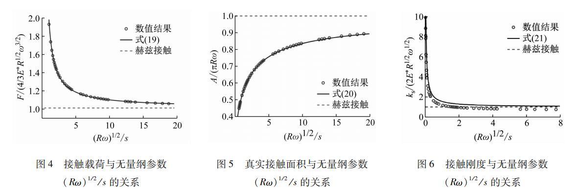 实际工程中不同粗糙表面对应的微凸体曲率半径各不相同,在上述的数值求解过程中,以微凸体曲率半径R=10 mm为例来研究表面张力对接触特性的影响,其他参数G=1 MPa, μ=0.4, β=0.1 J/m2。获得了无量纲接触载荷F/(4/3 E* R1/2 ω3/2)和无量纲接触面积A/πRω与无量纲参数(Rω)1/2/s的数值关系,通过对数值解的拟合,得到了考虑表面张力时载荷F和真实接触面积A与压入深度ω的关系式分别如式(19)和式(20)所示,且不同的R值只会影响式(19)和式(20)中的拟合系数。
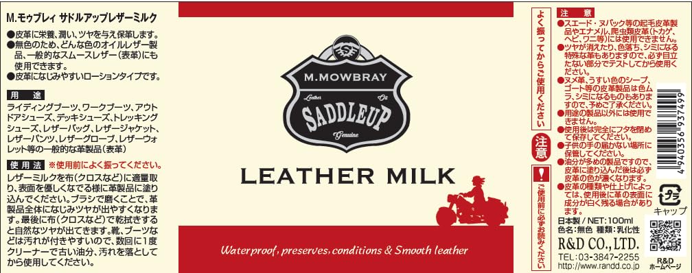 【在庫処分】[M.モゥブレィ] レザーミルク 100ml 革の保湿 ツヤ出し 革ジャン ブーツ 革手袋 レザージャケット 革の乾燥を防ぐ ひび割れ防止 グッドエイジング 経年変化 | GIGATERA
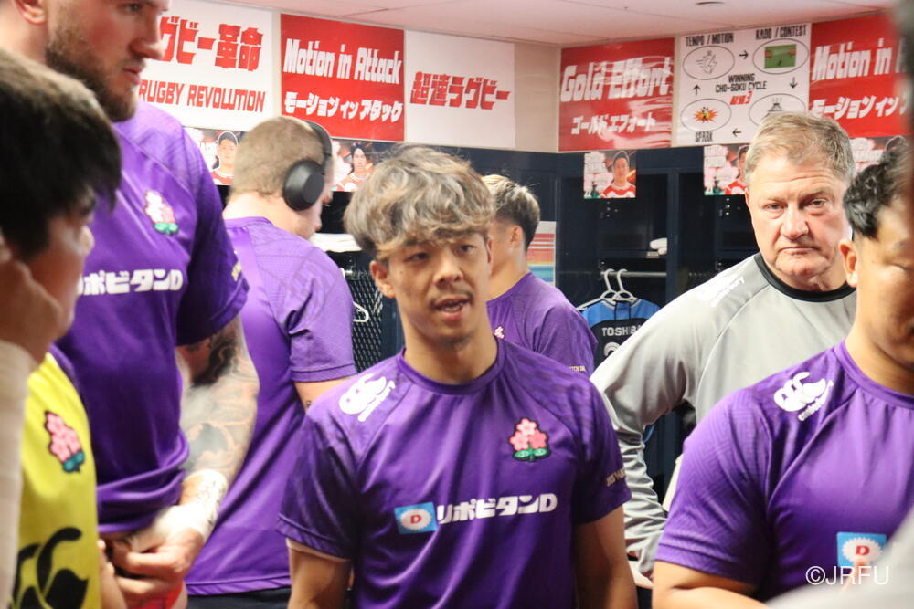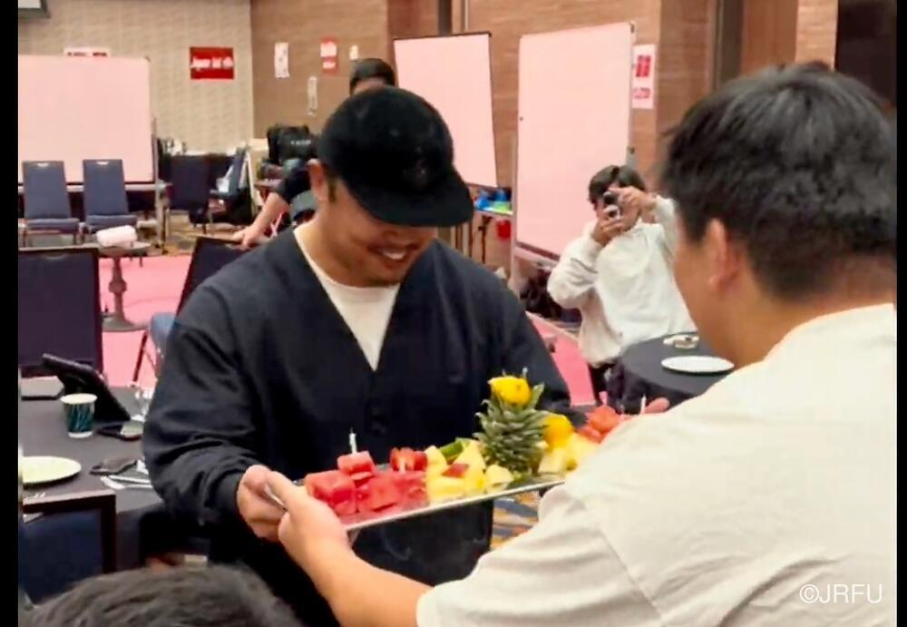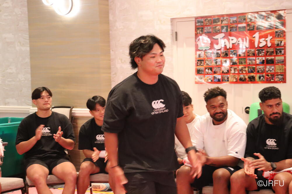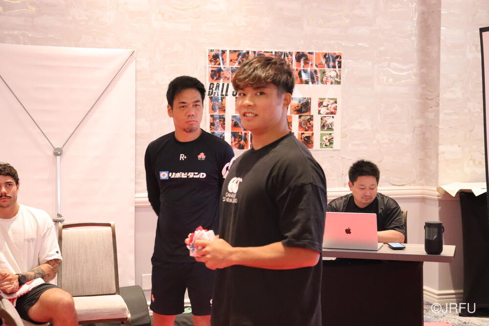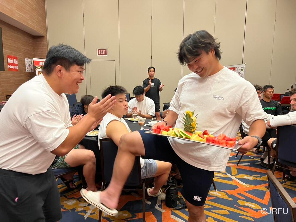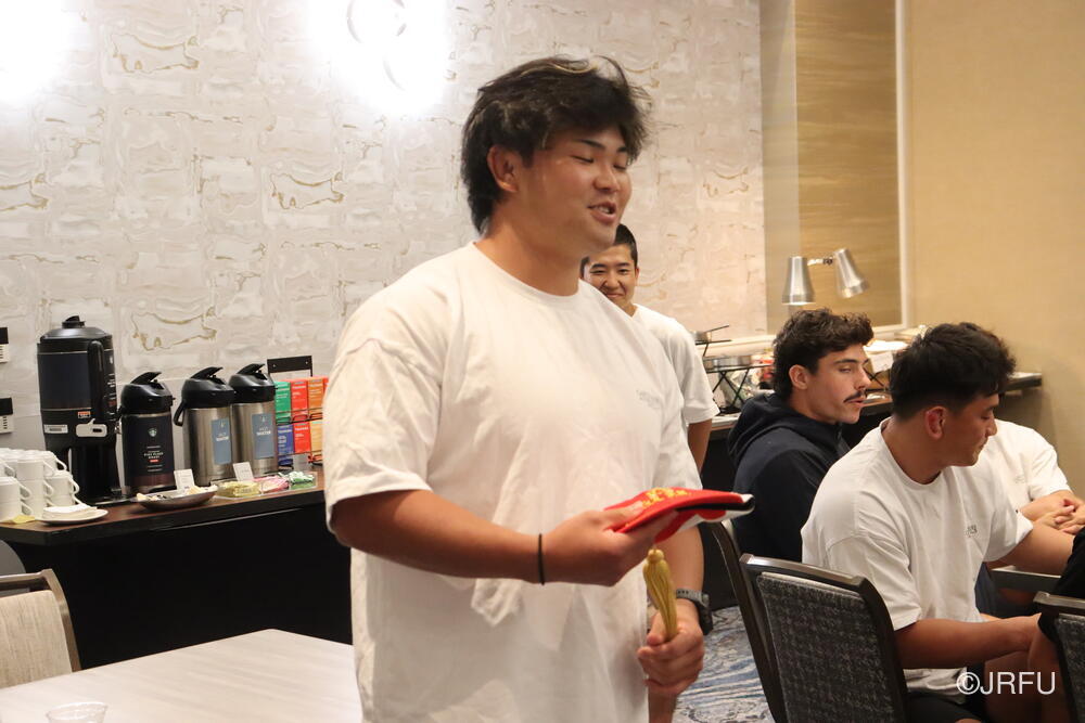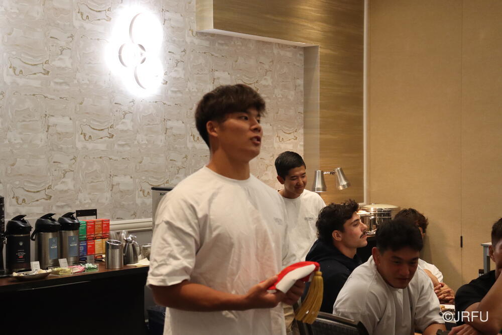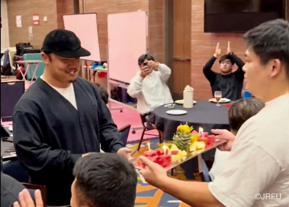 「24歳になりました。まだまだ若いのでエナジーを出して頑張っていきたいと思います。今週の試合(フィジー戦)は、全員で戦うべきだと思うので、フィジー戦に向けてもう一度一丸となって頑張っていきましょう!」とスピーチしました。
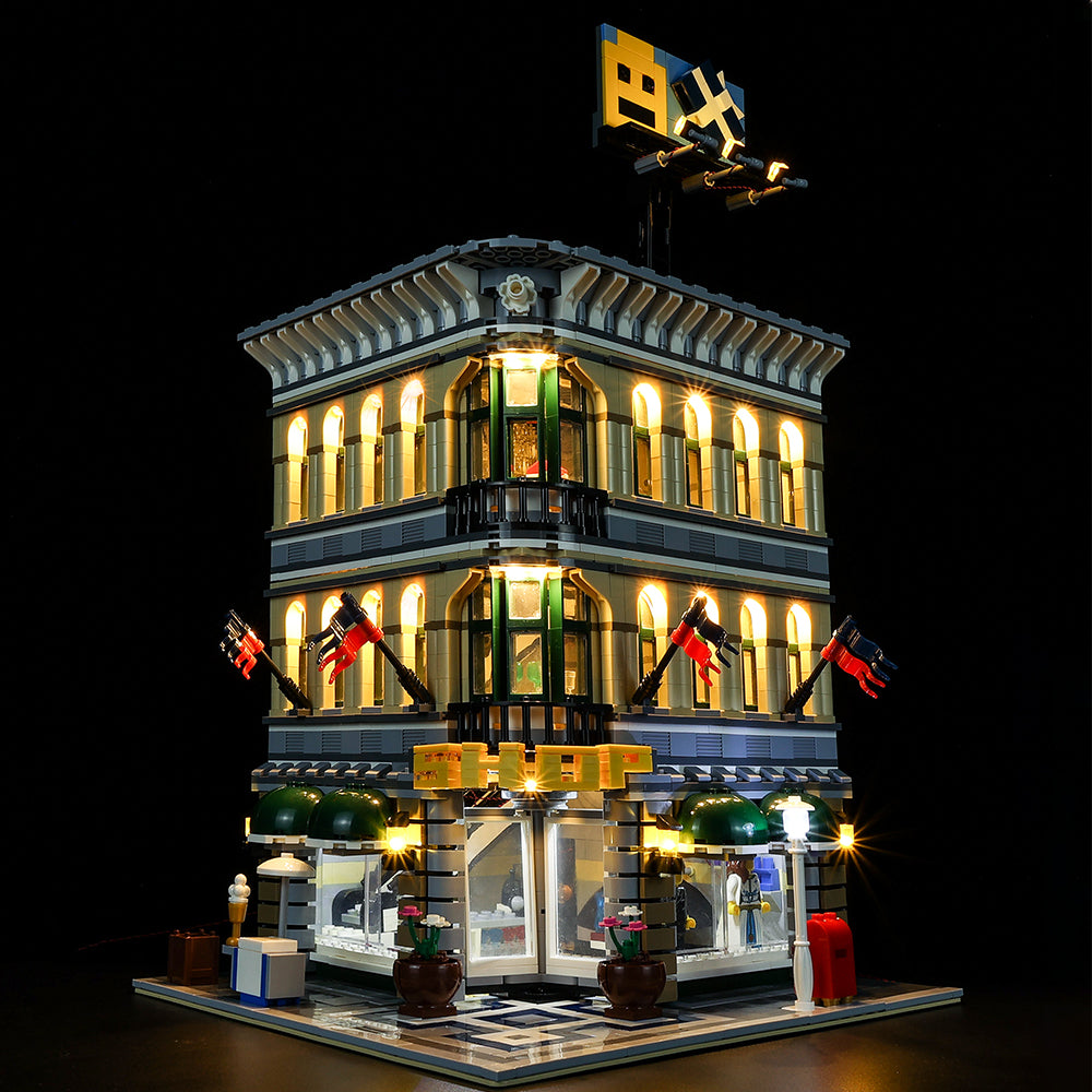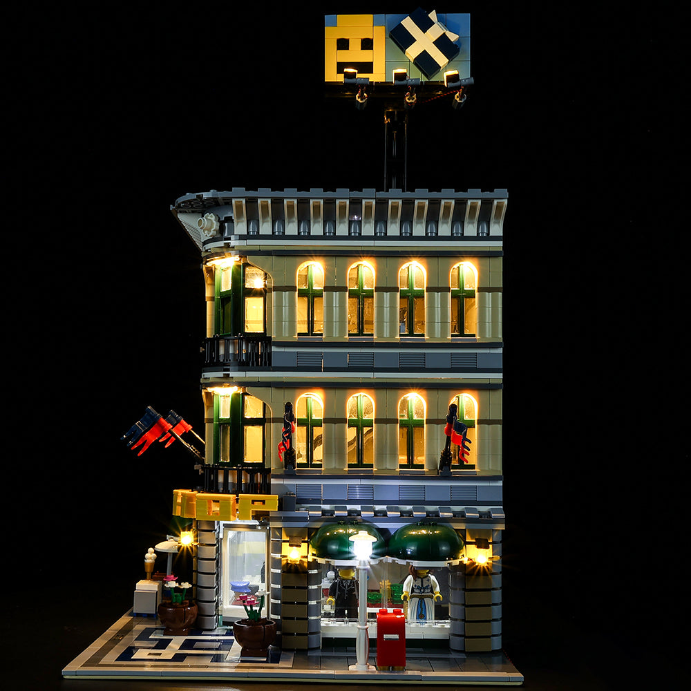 We have developed a special set of Game of Bricks LEGO Lights for this LEGO Grand Emporium 10211 3-story department store including street lighting, lights for the interior and exterior of the building, and unique lights for the billboard!
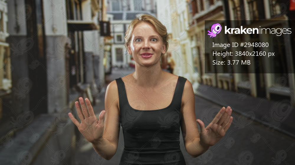 Woman with palms raised and hands open in a stopping gesture on a narrow cobbled street wearing a black tank top; calm reassurance.
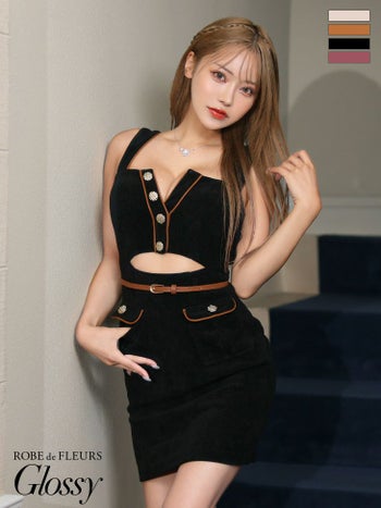 4. SALE【Glossy by ROBE de FLEURS/グロッシー】セクシー オープンバスト レザーパイピング ウエストカット ベルト ポケット ノースリーブ タイトミニドレス (GL3609)
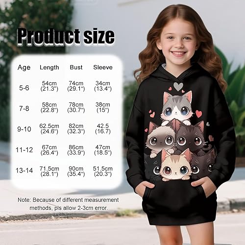Long Hoodie Sweatshirt with Pockets Casual Long Sleeve Hooded Pullover Loose Soft Tops for Girls Kids 5-14T(Black Cat,11-12 Years)
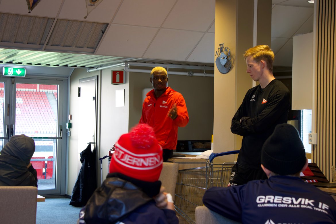Midt på dagen fikk deltakerne besøk av A-lagets egen Maxwell Woldezi, som fortalte om sin vei til toppfotballen. Han delte erfaringer fra karrieren, svarte på spørsmål og satte ord på hva som skal til for å lykkes i norsk toppfotball. Avslutningsvis tok han seg tid til å signere både drakter og fotballsko – til stor begeistring blant deltakerne.
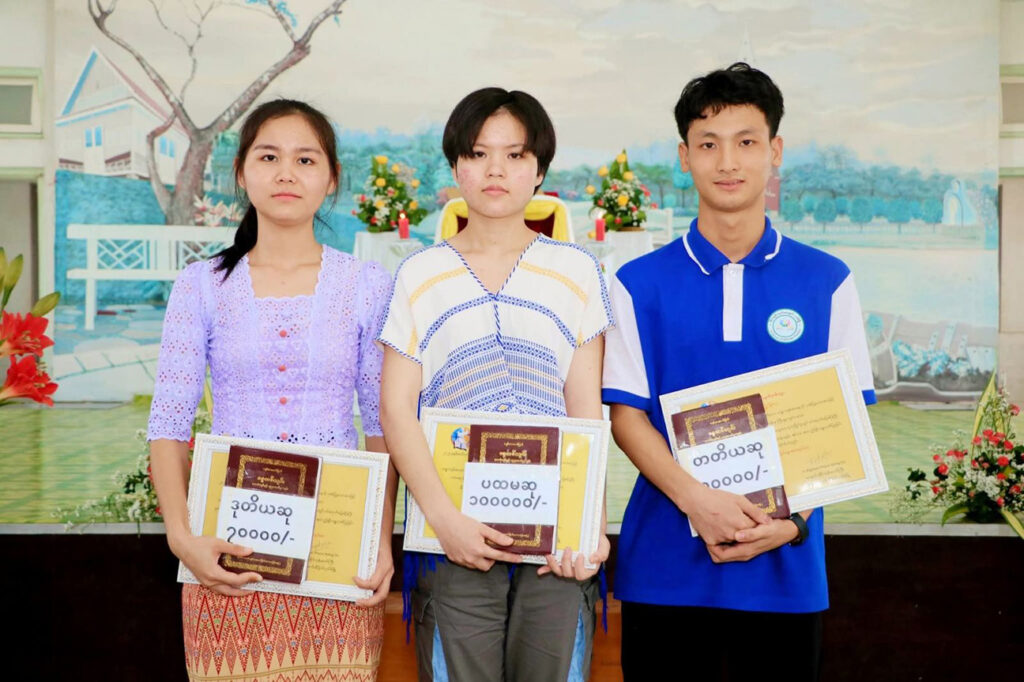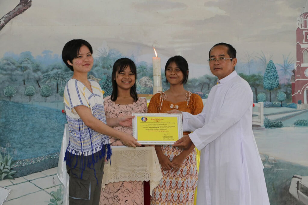 Jacinta Nant Khaing Zar Chi Soe, a Grade 11 student from St. Philomena’s Boarding School, received the First Prize. Justina Naw Khushi, a kindergarten teacher, was awarded Second Prize, and Remi Saw Lyan Htet Myat, a Grade 10 student from St. Bruno, received the Third Prize. Each participant was also presented with a copy of the Holy Bible.

**Exercise aim:**
Keeping both end lines, retype exactly the lines from the first line of the material through the line that contains "経年変化 | GIGATERA", but not the pictures.

**Solution:**
 实际工程中不同粗糙表面对应的微凸体曲率半径各不相同,在上述的数值求解过程中,以微凸体曲率半径R=10 mm为例来研究表面张力对接触特性的影响,其他参数G=1 MPa, μ=0.4, β=0.1 J/m2。获得了无量纲接触载荷F/(4/3 E* R1/2 ω3/2)和无量纲接触面积A/πRω与无量纲参数(Rω)1/2/s的数值关系,通过对数值解的拟合,得到了考虑表面张力时载荷F和真实接触面积A与压入深度ω的关系式分别如式(19)和式(20)所示,且不同的R值只会影响式(19)和式(20)中的拟合系数。
 【在庫処分】[M.モゥブレィ] レザーミルク 100ml 革の保湿 ツヤ出し 革ジャン ブーツ 革手袋 レザージャケット 革の乾燥を防ぐ ひび割れ防止 グッドエイジング 経年変化 | GIGATERA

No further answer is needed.